# Mixed PDF Page Extractor: Text + Tables + Bar Charts

This notebook segments a PDF page into **text**, **table**, and **bar-chart** regions and extracts key info from each.

### What you'll get
- **Text regions** → TXT files
- **Table regions** → CSV files
- **Bar chart regions** → numeric CSV + recreated chart PNG
- **(Optional) PPTX** summarizing the outputs

### Strategies
1. **Vector-first** (recommended):
   - Use `pdfplumber`/`PyMuPDF` to get page objects, words, images, and lines.
   - Detect **tables** with Camelot (lattice/stream) or `pdfplumber` table parser.
   - Detect **figures/charts** via `page.images`/non-text vector regions; pass suspected charts to the bar-digitizer.
2. **Vision-first** (fallback):
   - Convert page → image, run OpenCV:
     - **Tables**: detect gridlines (Hough/erosion) and cells → export to CSV.
     - **Bar-charts**: find vertical bars and map pixel heights → values.
     - **Text**: OCR within non-table/non-chart regions.

You can run either or both, depending on your document.


## 0) Install packages (run locally if missing)
Uncomment the cell below and install packages in your local environment.

In [None]:
# %%bash
# pip install --upgrade pip
# pip install pymupdf pdfplumber camelot-py tabula-py opencv-python pytesseract pdf2image pandas numpy matplotlib python-pptx
#
# # OS dependencies:
# # macOS: brew install tesseract ghostscript
# # Ubuntu/Debian: sudo apt-get update && sudo apt-get install -y tesseract-ocr poppler-utils ghostscript default-jre


## 1) Set inputs and output directory
- Provide the PDF path, page index, and an output directory.
- Choose DPI for rasterization.


In [None]:
from pathlib import Path

PDF_PATH = Path('your_file.pdf')   # <-- change this to your PDF
PAGE_INDEX = 0                     # 0-based page index
OUT_DIR = Path('mixed_pdf_output')
DPI = 400

OUT_DIR.mkdir(parents=True, exist_ok=True)
print('PDF:', PDF_PATH.resolve())
print('Page:', PAGE_INDEX+1)
print('OUT_DIR:', OUT_DIR.resolve())


## 2) Convert the target page to an image (for Vision-first path)
Uses PyMuPDF (`fitz`) if available, otherwise pdf2image.

In [None]:
import importlib
def page_to_image(pdf_path, page_index, out_dir, dpi=400):
    if importlib.util.find_spec('fitz') is not None:
        import fitz
        doc = fitz.open(pdf_path)
        page = doc[page_index]
        mat = fitz.Matrix(dpi/72, dpi/72)
        pix = page.get_pixmap(matrix=mat, alpha=False)
        out = out_dir / f'page_{page_index+1:03d}.png'
        pix.save(out.as_posix())
        return out
    elif importlib.util.find_spec('pdf2image') is not None:
        from pdf2image import convert_from_path
        imgs = convert_from_path(pdf_path, dpi=dpi, first_page=page_index+1, last_page=page_index+1)
        out = out_dir / f'page_{page_index+1:03d}.png'
        imgs[0].save(out)
        return out
    else:
        raise RuntimeError('Install PyMuPDF or pdf2image to rasterize PDF pages.')

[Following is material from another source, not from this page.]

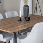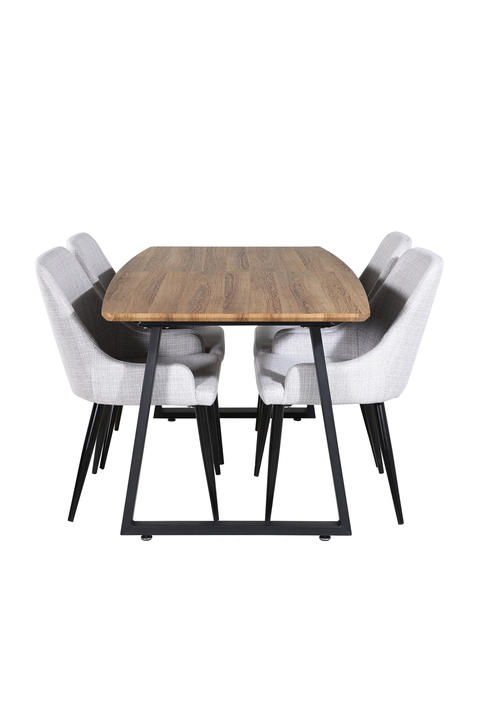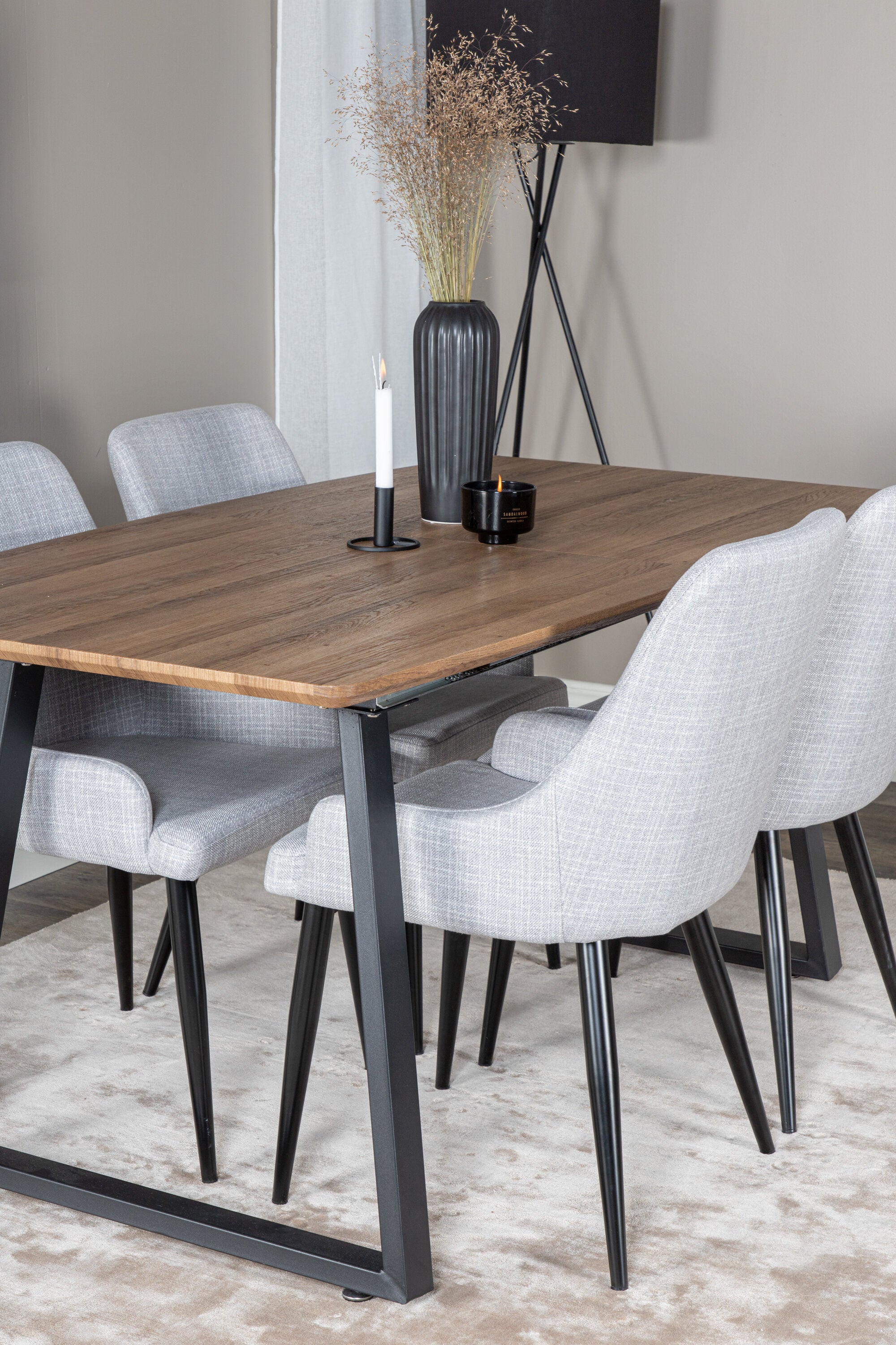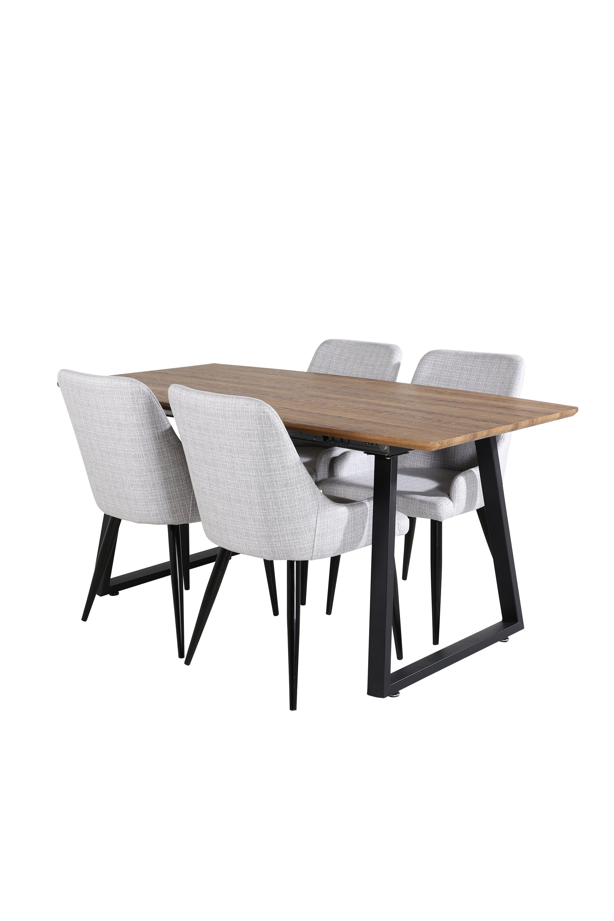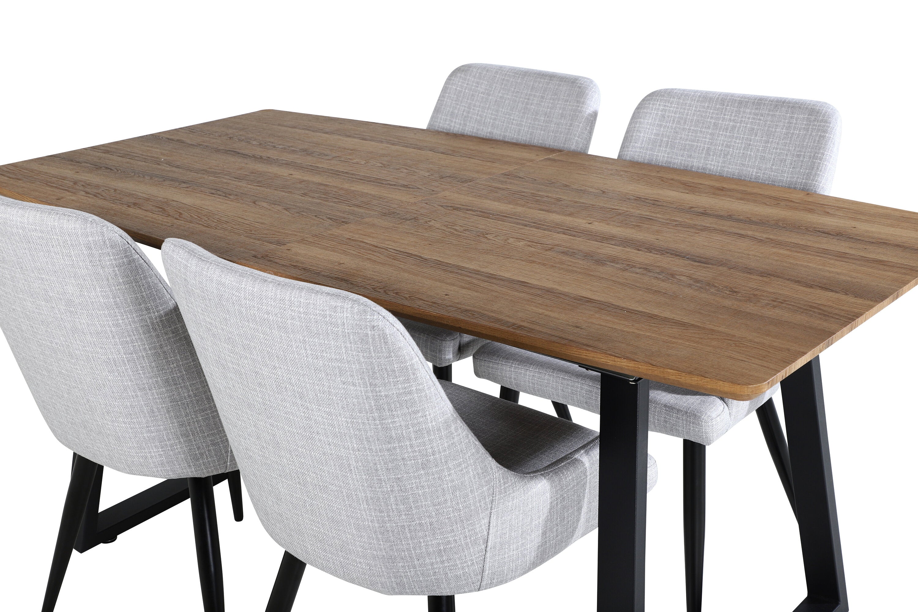 Jídelní stůl Inca - 160/200*85*H75 - Dub / Černá+Plaza Jídelní židle - Černé nohy - Světle šedá Fabric_4

PAGE_IMG = page_to_image(PDF_PATH, PAGE_INDEX, OUT_DIR, dpi=DPI)
PAGE_IMG

## 3A) Vector-first segmentation (objects from pdfplumber)
We try to identify **tables**, **images (figures/charts)**, and text regions directly from the PDF.
- Tables: try `camelot` (lattice/stream) on the page. If not available or fails, try `pdfplumber` tables.
- Figures/charts: `page.images` + non-text vector regions.
- Text: `page.extract_words()` grouped into blocks.

This section saves candidate regions with bounding boxes for further processing.


In [None]:
import importlib, json
from dataclasses import dataclass

@dataclass
class Region:
    kind: str  # 'text' | 'table' | 'figure'
    bbox: tuple  # (x0,y0,x1,y1) in PDF coordinate space
    meta: dict

regions = []

if importlib.util.find_spec('pdfplumber') is None:
    print('pdfplumber not installed, skipping vector-first. Install to enable.')
else:
    import pdfplumber
    with pdfplumber.open(PDF_PATH) as pdf:
        page = pdf.pages[PAGE_INDEX]
        # 1) Candidate figures from embedded images
        for im in page.images:
            bbox = (im['x0'], im['top'], im['x1'], im['bottom'])
            regions.append(Region('figure', bbox, {'source': 'image'}))

        # 2) Text regions: group words by proximity (simple heuristic)
        words = page.extract_words(use_text_flow=True)
        # If words empty, skip
        if words:
            # Simple block merging: expand a running bbox for contiguous words by y-line proximity
            lines = {}
            for w in words:
                y_center = (w['top'] + w['bottom'])/2
                key = round(y_center/6)*6  # bin by approx 6 pts
                lines.setdefault(key, []).append(w)
            # merge lines into blocks by vertical gaps
            line_boxes = []
            for _, ws in lines.items():
                xs0 = min(w['x0'] for w in ws); ys0 = min(w['top'] for w in ws)
                xs1 = max(w['x1'] for w in ws); ys1 = max(w['bottom'] for w in ws)
                line_boxes.append([xs0, ys0, xs1, ys1])
            # merge nearby lines vertically
            line_boxes.sort(key=lambda b: (b[1], b[0]))
            merged = []
            for b in line_boxes:
                if not merged:
                    merged.append(b)
                else:
                    a = merged[-1]
                    # if vertical gap small and x-overlap reasonable, merge
                    if b[1] - a[3] < 12 and not (b[0] > a[2] or b[2] < a[0]):
                        a[0] = min(a[0], b[0]); a[1] = min(a[1], b[1])
                        a[2] = max(a[2], b[2]); a[3] = max(a[3], b[3])
                    else:
                        merged.append(b)
            for b in merged:
                regions.append(Region('text', tuple(b), {'source': 'words'}))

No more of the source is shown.